Endpoint titers were plotted for each sample, using background subtracted data. Negative and positive controls were used to standardize each assay and normalize across experiments. A positive control standard was created by pooling plasma from 6 convalescent COVID-19 donors to normalize between experiments. The limit of detection (LOD) was defined as 1:3 for IgG, 1:10 for IgA. Limit of sensitivity (LOS) for SARS-CoV-2 infected individuals was established based on uninfected subjects, using plasma from normal healthy donors never exposed to SARS-CoV-2. For cross-sectional analyses, modeling for the best fit curve (e.g., one phase decay versus simple linear regression) was performed using GraphPad Prism 8.0. Best curve fit was defined by an extra sum-of-squares F Test, selecting the simpler model unless P < 0.05 (84). Continuous decay (linear regression), one-phased decay, or two-phased decay of log data were assessed in all cases, with the best fitting statistical model chosen based on the F test; in several cases a quadratic equation fit was also considered. To calculate the t1/2, log2 transformed data was utilized. Using the best fit curve, either a one phase decay non-linear fit or a simple linear regression (continuous decay) was utilized. For simple linear regressions, Pearson R was calculated for correlation using log2 transformed data. For one phase decay non-linear fit, R was reported. For longitudinal samples, a simple linear regression was performed, with t1/2 calculated from log2 transformed data for each pair. For gender analyses, modeling and t1/2 was performed similar to cross-sectional analyses; ANCOVA (VassarStats or GraphPad Prism 8.4) was then performed between male and female data sets. ANCOVA p-values of the adjusted means were reported and considered significant if the test for homogeneity of regressions was not significant.
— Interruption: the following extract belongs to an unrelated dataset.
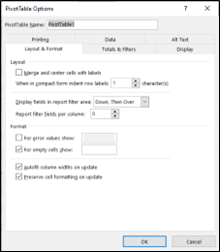 3. You will also need to stop the Pivot Table automatically adjusting the column widths: Right-click on Pivot Table, choose Pivot Table Options; in Layout & Format tab, uncheck the box ‘Autofit column widths on update’.

Neutralizing antibody assays
The pseudovirus neutralizing antibody assay was performed as previously described (5). Briefly, Vero cells were seeded in 96-well plates to produce a monolayer at the time of infection. Pre-titrated amounts of rVSV-SARS-Cov-2 (phCMV3-SARS-CoV-2 Spike SARS-CoV-2-pseduotyped VSV-ΔG-GFP were generated by transfecting HEK293T cells, ATCC CRL-3216) were incubated with serially diluted human plasma at 37°C for 1 hour before addition to confluent Vero cell monolayers (ATCC CCL-81) in 96-well plates. Cells were incubated for 12-16 hours at 37°C in 5% CO2. Cells were then fixed in 4% paraformaldehyde, stained with 1μg/mL Hoechst, and imaged using a CellInsight CX5 imager to quantify the total number of cells expressing GFP. Infection was normalized to the average number of cells infected with rVSV-SARS-CoV-2 incubated with normal human plasma. The limit of detection (LOD) was established as < 1:20 based on plasma samples from a series of unexposed control subjects. Negative signals were set to 1:19. Neutralization IC50 titers were calculated using One-Site Fit LogIC50 regression in GraphPad Prism 8.0.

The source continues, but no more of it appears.